Back home and relishing in my apartment. My couch. My bed. I love travelling, but sometimes the best part of any trip is stumbling back into my home after a week and flinging myself onto my couch and the mountains of decorative pillows waiting for me.

There’s no place like home, I’m telling you.

After plugging in my cameras and settling in a bit this morning after a giant mug of coffee, I’ve pulled a few images from the cemeteries I visited on my trip. Sure, I saw other stuff while in Boston, but there’s something very special about cemeteries — the older the better, usually. I love looking at the art, the sculpture, the carving. I love how in every place of the world, cultures find different ways of commemorating people’s lives.

Graveyards of Boston

Boston is particularly special because it’s one of the oldest cities in the United States, and since it was founded by Puritans, the iconography found on tombstones is very particular. You see a lot of death’s heads (winged skulls), cherubs, and flying sandglasses. “Tempus Fugit” means “time is fleeting” in Latin, translated literally as “time flies” in certain cases.

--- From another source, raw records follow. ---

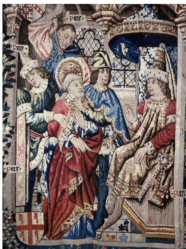
Vue de la scène représentant saint Pierre battu par les sbires de Théophile.
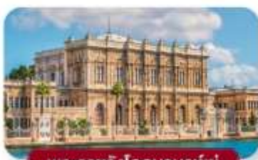
พระราชวังโดลมาบาห์เซ่
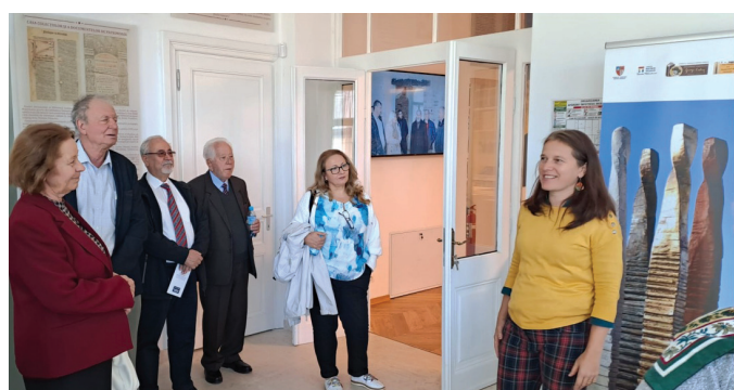
În vizită la Casa Colecțiilor
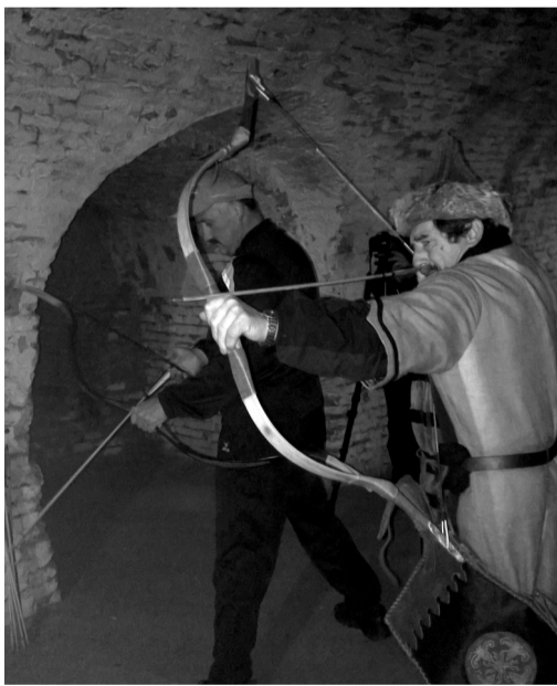
Edzés a Stubenberg-kastély pinceaalagútjában

– A tagok közül én vagyok a legidősebb, viccesen szoktam mondani, hogy ha a Jóisten is megsegít, jövő évben már hetvenkedek és ez a versenyeken is érdekes fordulatokat hoz néha. Ha helyesen határozák meg a korcsoportokat, én az úgynevezett senior master kategóriába szoktam kerülni, ami az 55 év fölötti korosztályt jelenti. Ebben a kategóriában már nem sokan versenyeznek, így általában dobogós helyet szerzek, de ha úgy adódik, azért a fiatalok közt sem vallok ám szégyent.
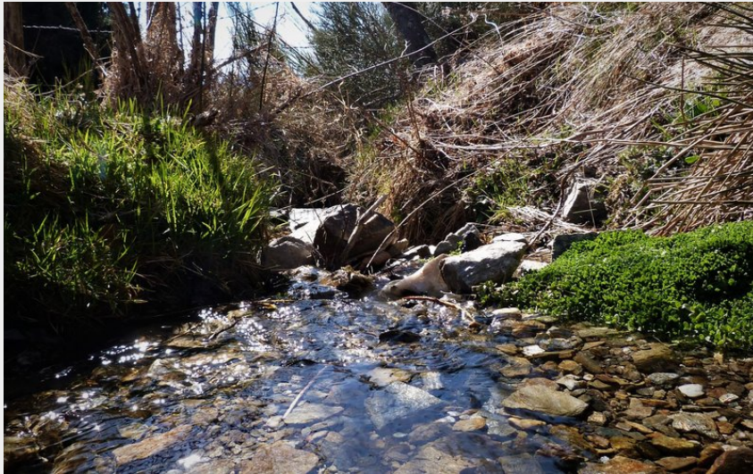
Sentier des sources du Lot
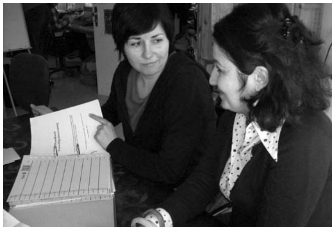
An den Konzepten zur Freiwilligenbegleitung wird intensiv gearbeitet

pbi gibt Hilfestellung durch Auswertungs- und Beratungsgespräche und vermittelt bei Bedarf weitergehende Unterstützung, zum Beispiel durch PsychologInnen, denen die Besonderheiten eines Freiwilligendienstes gut bekannt
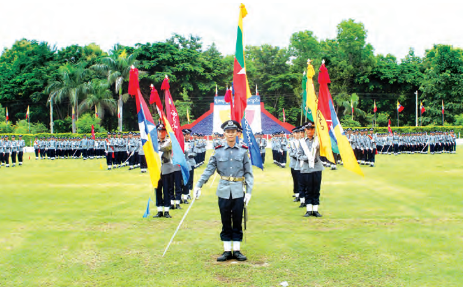
နိုင်ငံတော်နှင့် ပြည်သူများ၏ အသက်အိုးအိမ်စည်းစိမ်လုံခြုံရေးအတွက် ကာကွယ်စောင့်ရှောက်ပေးမည့် ရဲတပ်ဖွဲ့ဝင်များ မွေးထုတ်ပေးရာ မြန်မာနိုင်ငံရဲတပ်ဖွဲ့ သင်တန်းဆင်းအခမ်းအနားတစ်ခုကို တွေ့ရစဉ်။
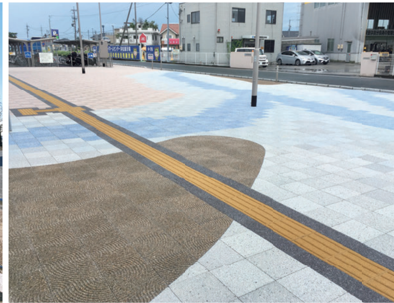
天竜川駅南口駅前広場 (静岡県浜松市)
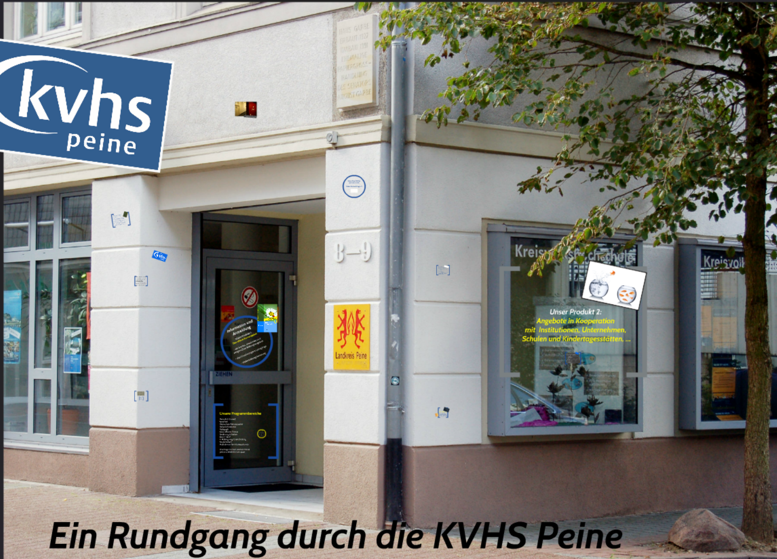
Ein Rundgang durch die KVHS Peine
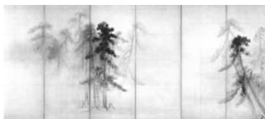
洞爺湖サミット会場を飾った等伯筆 国宝「松林図屏風」の複製

★等伯の心象風景とも能登の原風景ともいわれる国宝「松林図屏風」。国宝の人気アンケートで第1位に輝いた名作で、平成17年に七尾美術館で特別公開を果たしました。
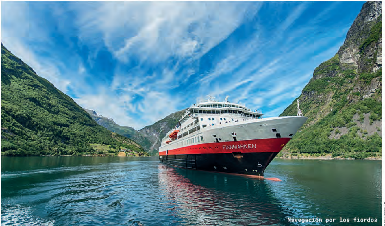
Navegación por los fiordos
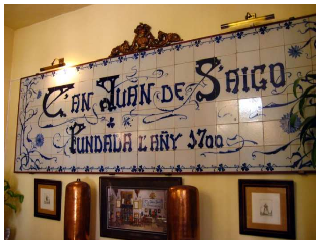
Can Joan de s'aigo , un lloc que no us podeu perdre per assaborir un bona coca.
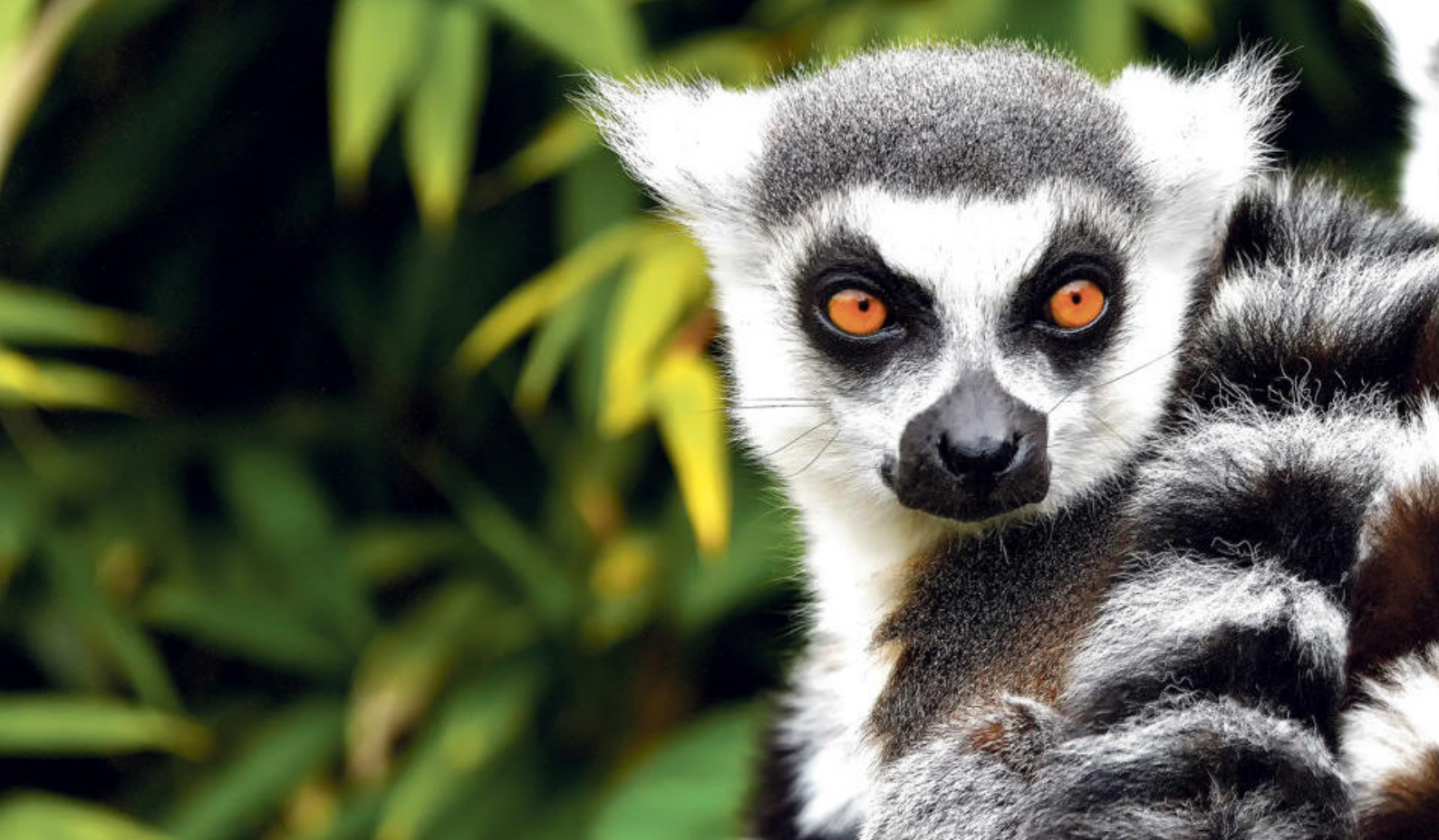
Lemurene, Madagaskars endemiske halvape

Standard overnatting: Residence Lapaso eller tilsvarende

You also find a lot of sombre contemplation amongst the smiling skulls: the inscription “Memento Mori” appears quite often, reminding the person standing at the grave to “remember their death.” It comes for us all.

Granary Burial Ground

Granary is the third oldest cemetery in Boston. Founded in 1660, it’s the final resting place of three signers of the declaration of independence (Sam Adams, John Hancock, and Robert Treat Paine), Paul Revere, and Benjamin Franklin’s parents.

It’s the only place in Boston where, across the street, you can enjoy a cold Sam Adams at the Beantown Pub, while sitting across from a cold Sam Adams.

 

Central Burial Ground

Central Burying Ground was established on the Common in 1756. There are quite a few unmarked graves in the cemetery, because many of the residents were reinterred here after unearthing a mass grave at the Tremont Subway in the 1890’s. A few notable occupants include William Billings and Charles Sprague.

There’s a little girl who haunts the cemetery. She’s presumed to be an Irish immigrant because of her flame red hair, and she likes to nick people’s keys and float them in front of their faces. (Not speaking from personal experience, of course. Just a cute mention from the Haunted Boston tour.)

 

King’s Chapel Burial Ground

King’s Chapel is the oldest cemetery in Boston, dating to 1630. It’s abuts the (you guessed it) King’s Chapel, which was originally named “Stone Chapel.” The cemetery was Boston’s only burial site for thirty years before accommodations became too crowded and Copp’s Hill was founded.

There’s a really curious feature in the frontmost right-hand site of the cemetery. I stuck my face up to the wrought iron and took a peek into gauzy blackness so musty and terrifying for a moment I wondered why anyone would put a well in a cemetery. It turns out that the structure in question is actually a ventilation shaft for a nearby subway, but it still creeped me out.